Learning to get lost without a hand to hold

Bilbao road

Image via Wikipedia

Hola! สวัสดี  Hej!  Ciao!  Olá!  Hello!  今日は  Hallo!  Aloha!  Salut!

I have to admit that I only speak one of those languages (Maybe you can guess?). Hopefully one day I will know at least a little of each, but this is blog is where that journey will begin. My name is Kristi and I moved to Bilbao, Spain about one week ago (January 2012) to study international business with USAC. I left small town Moscow, Idaho, with every intention to see the rest of the world. I knew it wouldn’t happen all in 2012, but I figure I would give it my best shot starting in Bilbao.

I’ve taken Moscow for granted. I’m studying International Studies and my department is wonderful. I am also studying Public Relations and that department is wonderful. I’ve sat down with my advisors countless amounts of time to change my four-year plan. Now when they see me, they get a “Change of Curriculum” paper ready predicting my next move. Hopefully this means they actually enjoy their job, right?

But without their help, I wouldn’t have a clue to where I want to begin my next chapter in five years. For now, we together narrowed it down to working in a public relations or media department in a large international firm. Even though my advisors are only an email away, I don’t have their help in Spain. They can’t tell me what metro to get on, or where the best food is. They can’t give me advice on classes or discuss local events. When you study within a small department, people are holding your hand every step of the way through college.

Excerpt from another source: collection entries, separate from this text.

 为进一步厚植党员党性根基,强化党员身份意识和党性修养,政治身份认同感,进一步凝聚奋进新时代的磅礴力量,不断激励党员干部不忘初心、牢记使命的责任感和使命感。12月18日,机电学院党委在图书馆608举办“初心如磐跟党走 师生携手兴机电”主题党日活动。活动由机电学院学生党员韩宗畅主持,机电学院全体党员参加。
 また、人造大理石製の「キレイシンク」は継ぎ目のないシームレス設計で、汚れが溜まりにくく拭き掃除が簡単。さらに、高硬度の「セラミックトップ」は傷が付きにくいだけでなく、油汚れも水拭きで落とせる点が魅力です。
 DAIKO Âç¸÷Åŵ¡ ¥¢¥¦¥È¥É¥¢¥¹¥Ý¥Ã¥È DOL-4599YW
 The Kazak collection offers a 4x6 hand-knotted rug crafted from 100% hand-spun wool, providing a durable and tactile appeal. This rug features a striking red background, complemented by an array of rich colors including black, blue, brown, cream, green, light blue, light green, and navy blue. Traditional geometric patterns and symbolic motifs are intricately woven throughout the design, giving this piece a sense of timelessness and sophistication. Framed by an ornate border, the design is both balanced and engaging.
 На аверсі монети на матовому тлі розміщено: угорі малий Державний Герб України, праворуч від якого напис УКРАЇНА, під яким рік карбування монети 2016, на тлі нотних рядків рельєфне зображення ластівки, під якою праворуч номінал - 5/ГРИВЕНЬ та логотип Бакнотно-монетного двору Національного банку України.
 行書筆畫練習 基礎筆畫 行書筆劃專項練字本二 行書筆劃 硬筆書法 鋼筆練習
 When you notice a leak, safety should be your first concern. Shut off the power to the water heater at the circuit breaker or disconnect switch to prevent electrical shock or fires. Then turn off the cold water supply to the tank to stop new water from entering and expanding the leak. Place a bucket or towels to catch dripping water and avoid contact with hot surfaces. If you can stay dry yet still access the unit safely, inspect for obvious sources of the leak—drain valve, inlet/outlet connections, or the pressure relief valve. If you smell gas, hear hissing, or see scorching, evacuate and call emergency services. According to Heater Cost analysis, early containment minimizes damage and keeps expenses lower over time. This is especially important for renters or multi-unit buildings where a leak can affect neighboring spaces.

In Bilbao, however, no one cares: not your landlord, not the bartender, and not the security guard at the metro. It’s up to me to figure everything out on my own. My landlord didn’t care that I didn’t have Internet or adequate kitchen ware or a smokey apartment-so much that I couldn’t see down the hall. The bartender/server at the restaurant didn’t care that they didn’t have vegetarian food or even a menu. And the security guard didn’t care when I couldn’t figure out where to go or how to pay.

One of the first things I noticed in Spain was their lack of free wifi anywhere and everywhere. How was I to check my Facebook, text, Tweet, check in on FourSquare, or find a restaurant on Urban Spoon? It frightened me. Peter F. Drucker wrote in “The Essential Drucker” about an old riddle: Is there a sound in the forest if a tree crashes down and no one is around to hear it? Is there actually food around my apartment if there is no Internet to Google it? It’s up to me to go find it, but how do I do that without Maps on my iPhone?

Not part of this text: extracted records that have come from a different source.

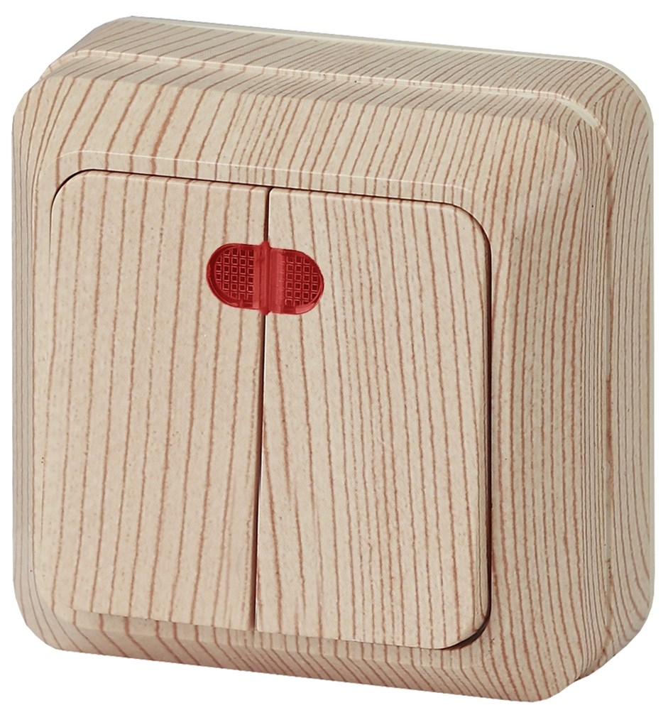 Выключатель Intro Quadro 2-105-11 двухклавишный с подсветкой, 10А-250В, IP20, ОУ, сосна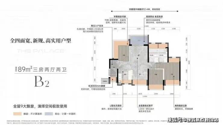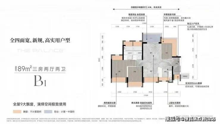 首推一期1栋1单元,面积约89-112㎡ 3-4房,主力产品为89㎡3房,其A1户型为常规经典竖厅,但是在客厅位置多了一个长飘窗,且每个户型都有270度大飘窗。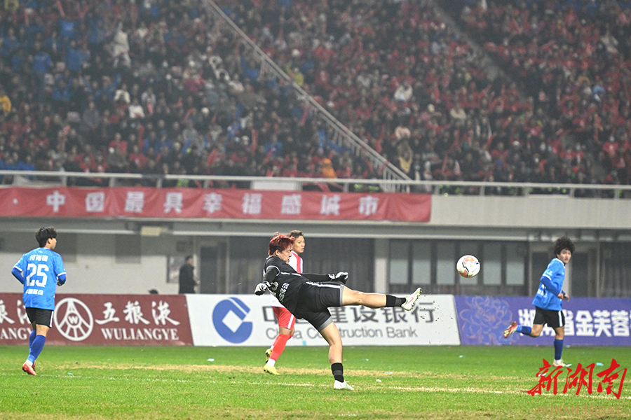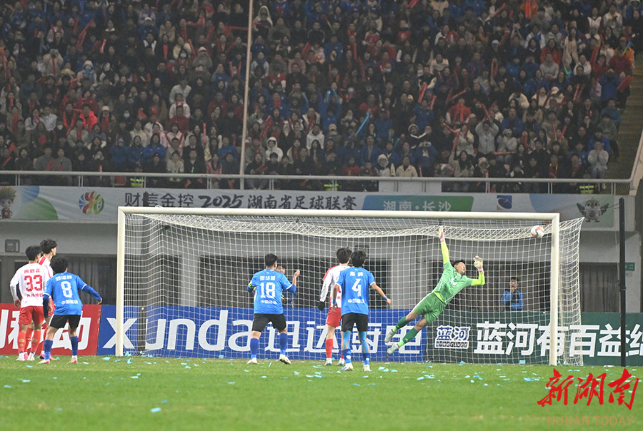 12月20日晚,长沙贺龙体育场,长沙队队员在踢点球。当天,湘超联赛半决赛开赛,“实力之王”长沙队(红)主场迎战“流量之王”永州队,比赛2:2进入点球大战。最终,永州队客场9:8战胜长沙队。 湖南日报全媒体记者 郭立亮 摄

They say you learn so much about yourself when you study abroad-and that is so very true. It has only been a week and I have learned that someone has held my hand since I was born, I have learned that I’m broke, and I have learned that I take so much for granted back home.

Without anyone’s help, I wouldn’t be here in Spain today. But I’m learning by myself now so I can get by without their help tomorrow. I didn’t come here to experience American culture. I need to learn to appreciate the world’s culture-even if I come home with a black lung and no money. In the end, it will all be worth it.